BEGIN Data shown

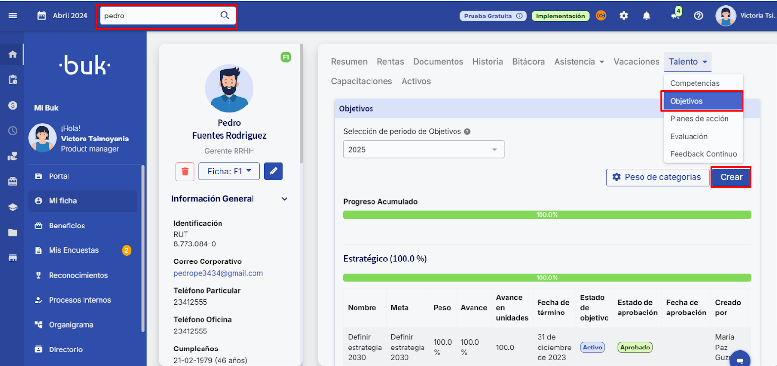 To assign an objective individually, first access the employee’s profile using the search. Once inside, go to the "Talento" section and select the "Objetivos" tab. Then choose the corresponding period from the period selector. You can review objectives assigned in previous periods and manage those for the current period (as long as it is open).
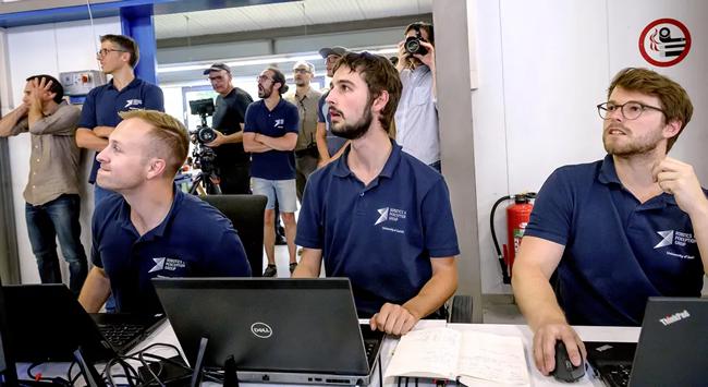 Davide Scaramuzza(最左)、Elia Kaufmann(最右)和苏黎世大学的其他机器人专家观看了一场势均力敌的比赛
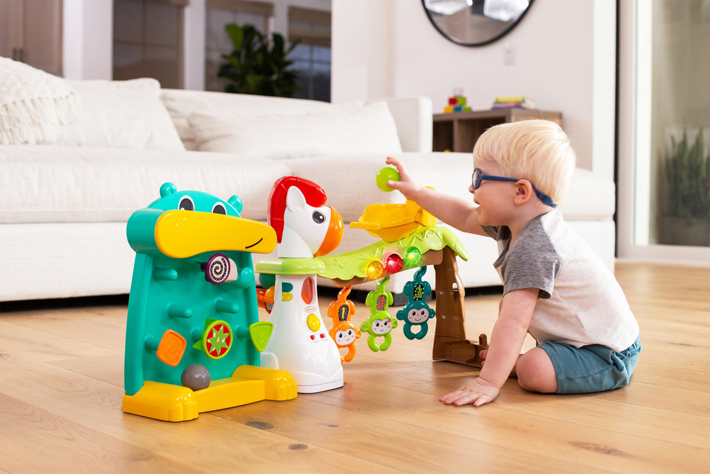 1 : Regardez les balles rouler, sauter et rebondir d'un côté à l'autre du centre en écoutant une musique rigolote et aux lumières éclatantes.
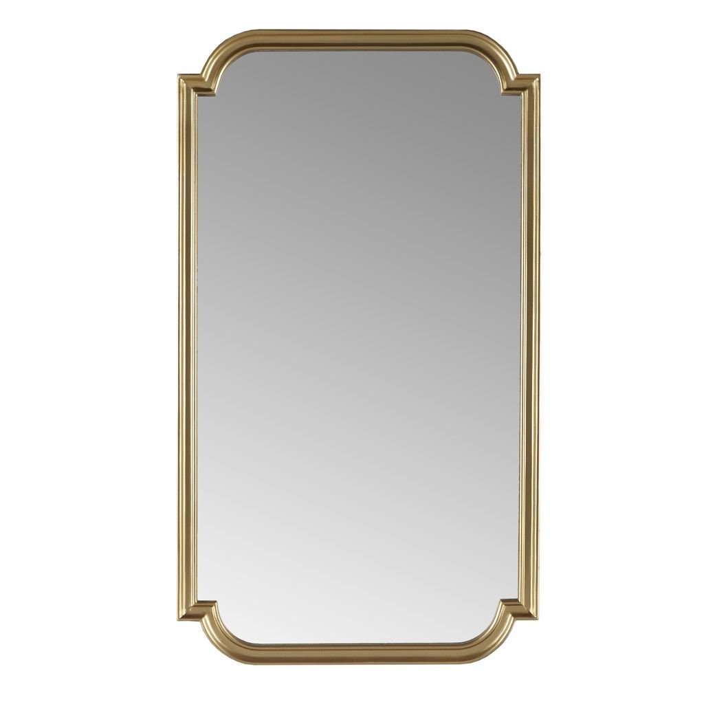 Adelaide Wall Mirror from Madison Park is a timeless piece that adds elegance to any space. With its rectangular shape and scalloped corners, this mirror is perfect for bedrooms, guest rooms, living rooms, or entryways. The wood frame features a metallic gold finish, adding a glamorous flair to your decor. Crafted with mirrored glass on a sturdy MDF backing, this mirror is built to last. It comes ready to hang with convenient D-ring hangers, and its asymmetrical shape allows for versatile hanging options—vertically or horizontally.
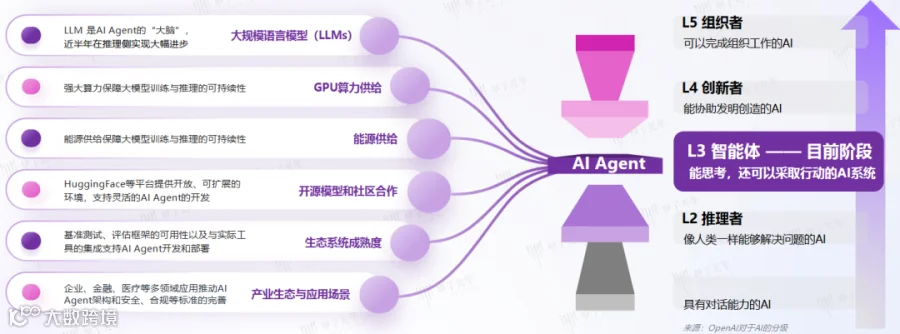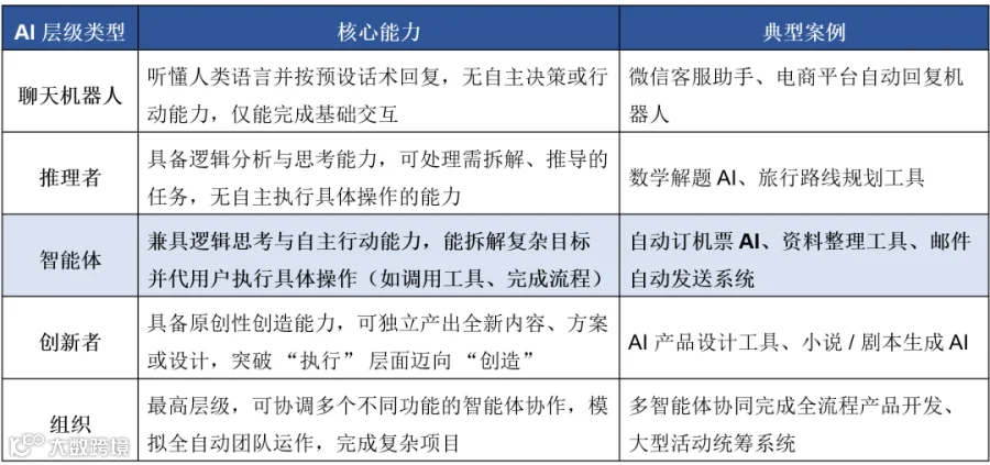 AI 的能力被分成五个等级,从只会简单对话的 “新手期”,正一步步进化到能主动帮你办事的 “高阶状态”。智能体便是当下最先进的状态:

END Data shown

● **Instructions to follow**
Since the pictures are not wanted, write out the rest of the data exactly as it reads.

● **Exercise result**
 To assign an objective individually, first access the employee’s profile using the search. Once inside, go to the "Talento" section and select the "Objetivos" tab. Then choose the corresponding period from the period selector. You can review objectives assigned in previous periods and manage those for the current period (as long as it is open).
 Davide Scaramuzza(最左)、Elia Kaufmann(最右)和苏黎世大学的其他机器人专家观看了一场势均力敌的比赛
 1 : Regardez les balles rouler, sauter et rebondir d'un côté à l'autre du centre en écoutant une musique rigolote et aux lumières éclatantes.
 Adelaide Wall Mirror from Madison Park is a timeless piece that adds elegance to any space. With its rectangular shape and scalloped corners, this mirror is perfect for bedrooms, guest rooms, living rooms, or entryways. The wood frame features a metallic gold finish, adding a glamorous flair to your decor. Crafted with mirrored glass on a sturdy MDF backing, this mirror is built to last. It comes ready to hang with convenient D-ring hangers, and its asymmetrical shape allows for versatile hanging options—vertically or horizontally.
 AI 的能力被分成五个等级,从只会简单对话的 “新手期”,正一步步进化到能主动帮你办事的 “高阶状态”。智能体便是当下最先进的状态:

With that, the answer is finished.